Grâce à des documents inédits (notamment des correspondances privées), l'auteur revient sur le sort des prisonniers de guerre français et anglaise au XVIIIe siècle : leurs conditions de vie, les échanges et leur libération, les règles de courteoisie…
Prisonniers de guerre français et anglais au XVIIIe siècle
Jamais le sort des prisonniers de guerre n’a été enviable, mais il est des époques et des pays où leur dure condition s’est trouvée singulièrement adoucie par l’humanité et la courtoisie des vainqueurs, par l’octroi de certaines faveurs et surtout par une prompte libération.
On peut dire que les prisonniers de guerre ont toujours été bien traités en France. Au XVIIIe siècle, certains lieux de détention n’étaient nullement désagréables, et les officiers anglais nouaient d’amicales relations avec les militaires et même parmi la population civile, qui leur prodiguait les égards et les prévenances.

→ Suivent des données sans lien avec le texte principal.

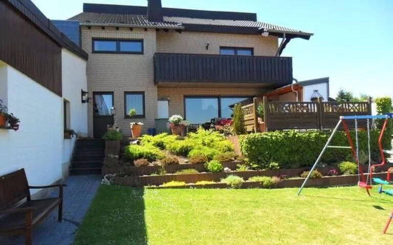 The outdoor area of the holiday flat invites you to relax outdoors with a small and a large balcony. The lovingly landscaped garden, for communal use, offers additional space for relaxation and outdoor activities. For guests who would like to explore the Eifel on two wheels, there is a garage for motorbikes and bicycles. In addition, a car park right next to the house guarantees hassle-free arrivals and departures.
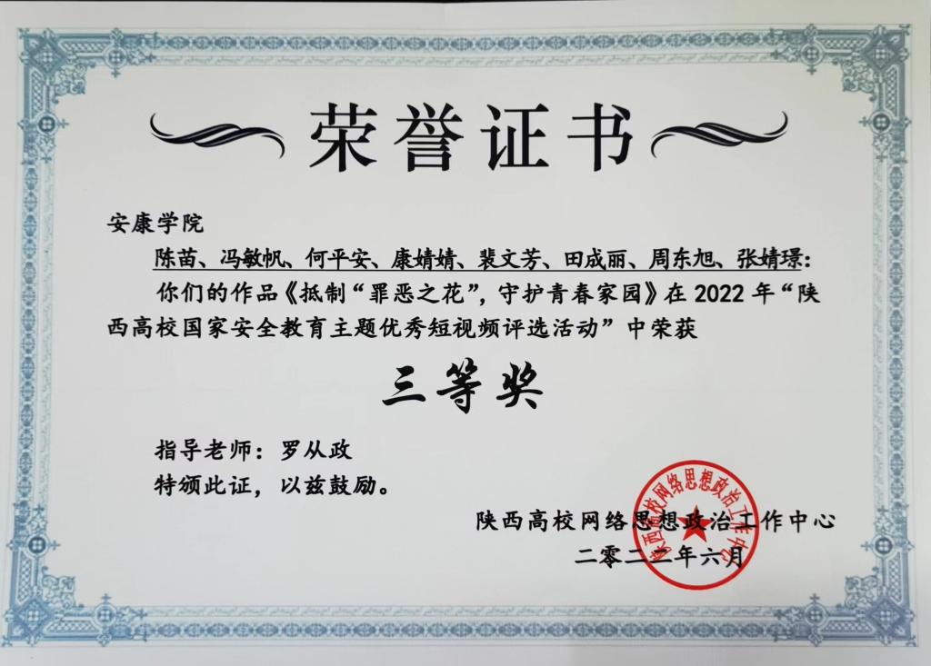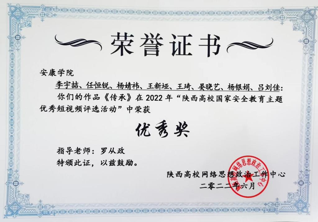 近日,由陕西高校网络思想政治工作中心主办的“2022年陕西高校国家安全教育主题优秀短视频评选活动”结果揭晓,开元官网易班发展中心推荐的学生作品《抵制“罪恶之花”,守护青春家园》《传承》分别荣获三等奖和优秀奖。
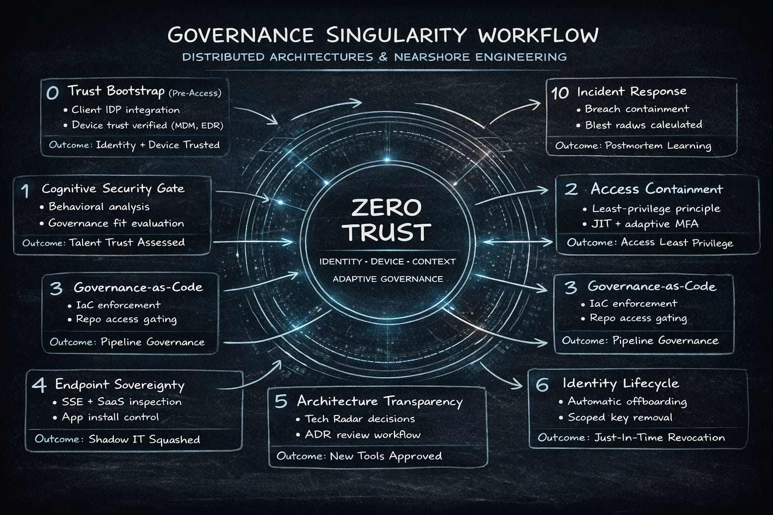 The era of the "wild west" nearshore is over. The risks are too high. The Shadow IT Blast Radius is too large. You cannot manage this risk with spreadsheets and Zoom calls. You need a platform.

Quant aux soldats, ils n’avaient pas trop à se plaindre, si l’on en juge par les renseignements puisés aux archives notariales concernant les prisonniers de guerre anglais détenus à Saint-Malo et à Dinan au XVIIIe siècle. Tous les jours, les prisonniers recevaient une ration de pain d’une livre et demie (728 grammes), « bien boulangé et cuit à point » une, livre de « bonne viande fraîche, vache grasse ou mouton avec une petite quantité de veau comprise dans le poids ». Avec le bouillon on faisait un potage agrémenté de choux, d’herbes et de navets, mais les prisonniers étaient tenus de distraire de leur ration de pain la quantité voulue pour le trempage de cette soupe. Aux jours maigres et aux vigiles, on leur donnait des pois, des fèves des fayots cuits au beurre fondu et relevés de vinaigre. La boisson ordinaire était de l’eau, mais très pure. À ceux qui se signalaient par leur bonne conduite, on distribuait une pinte (95 centilitres) de bon cidre ou de bière. Le couchage était de paille que l’on renouvelait tous les huit jours ou de paillasses dont on changeait la paille chaque quinzaine. Les malades étaient soignés à l’hôpital et bénéficiaient d’un régime spécial de lait, d’œufs, de légumes et d’eau-de-vie sucrée. L’entrepreneur chargé de leur nourriture recevait, par journée de prisonnier, 4 sols 9 deniers (soit 25 centimes d’avant 1914) et 9 sols (45 centimes) pour ceux qui se trouvaient à l’hôpital, en raison des frais médicaux et pharmaceutiques. Les prisonniers avaient à leur disposition des perruquiers, des fraters, comme on les appelait alors, et ils pouvaient se livrer facilement à tous les soins de propreté qu’ils désiraient. Outre l’interprète indispensable, il y avait un aumônier pour les Irlandais catholiques et un chirurgien qui visitait les prisonniers tous les jours.